Trump campaigned hard on his anti-trans agenda, and cruelty toward trans Americans has indeed seemingly been his top priority during his first nine days in office, along with further destroying the planet and significantly gutting access to HIV medications and to abortion in countries outside of the U.S., which yes, he can indeed do. We knew a federal trans youth healthcare ban was coming, and Trump tried it during his first term, but this time, the points laid out in the Executive Order are much more coordinated and far-reaching, especially the alarming inclusion of 18-year-old adults in a directive supposedly about children’s “welfare.” Legal experts reiterate these policies will be challenged in the courts, and indeed, nothing goes into effect immediately, but fighting this — and pushing back against the pervasive anti-trans rhetoric this EO traffics in — should be a primary priority of the entire LGBTQ community. Trump has made this an urgent priority, so we have to make fighting it one, too.
Read more about Trump’s parade of anti-trans maneuvers:
- Trump’s Latest Attempt to Ban Trans People From The Military Comes With Extra Malice
- Updating Documents as a Trans Person Is Hell Right Now. Here Are My Tips for Navigating the Process
- What Will Trump’s Anti-Trans “Gender Ideology Extremism” Executive Orders Actually Do?
thank you for writing this, Kayla! It’s super scary times and having someone break down these EO’s in a way where we can understand and digest them is super helpful.
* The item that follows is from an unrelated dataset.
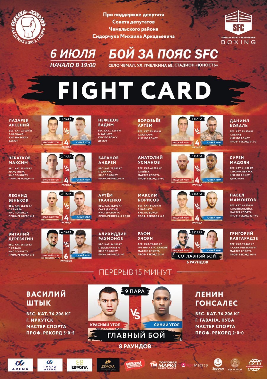 Его соперник из Кубы, Ленин Гонсалес, первый номер юношеской сборной Кубы, профрекорд 0.2.1. Он уже знаком любителям бокса Сибири, по бою против Вадима Лубсанова, который состоялся 22 декабря 2022г в г Барнауле и закончился в ничью.Соглавный поединок вечера 8 раундов
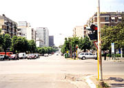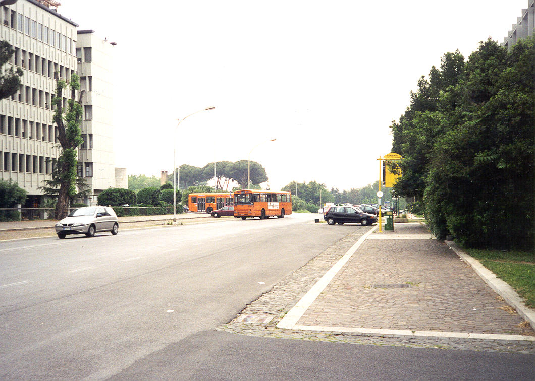 A view of the street outside our apartment building. As another sign of Italian reliability, one bus is stalled in the street, while another bus approaches.

It’s a fantastic display of both journalism and ally ship.
For me the most worrying thing was the part not limited to the under-19… The whole section about delegitimizing WPATH and SOC 8, which is basically the standard of care that means insurance has to pay for our medical transition expenses. Much of this EO looks blatantly in violation of the Bostock supreme court decision (a recent one so maybe it still means something?), and the section about WPATH is their answer. While WPATH SOC 8 isn’t perfect, and the org has a troublesome history, it’s a lot better than the standards from even 15 years ago, and it’s pretty darn important to those of us in the USA who chose to medically transition to any degree. If they succeed in convincing people SOC 8 is not the relevant scientific consensus standard of care, they can effectively make medical transition cost prohibitive to most people regardless of age. (It doesn’t cost the insurance companies much money, nowhere near what it would cost an individual without insurance, due to our messed up model of medical care.)
*That* is the really scary part, the part that looks like planning and preparing for a full defacto medical transition ban.
Of course, my heart breaks for any trans kid whose medical team overly obeys in advance – the sorry state of trans healthcare leads me to believe there are probably several. I hope they can get what they need without too much damage.
Now trans folks have gotten through such before and we will again if we must, but we need less-marginalized people to stand with us and fight this every step of the way.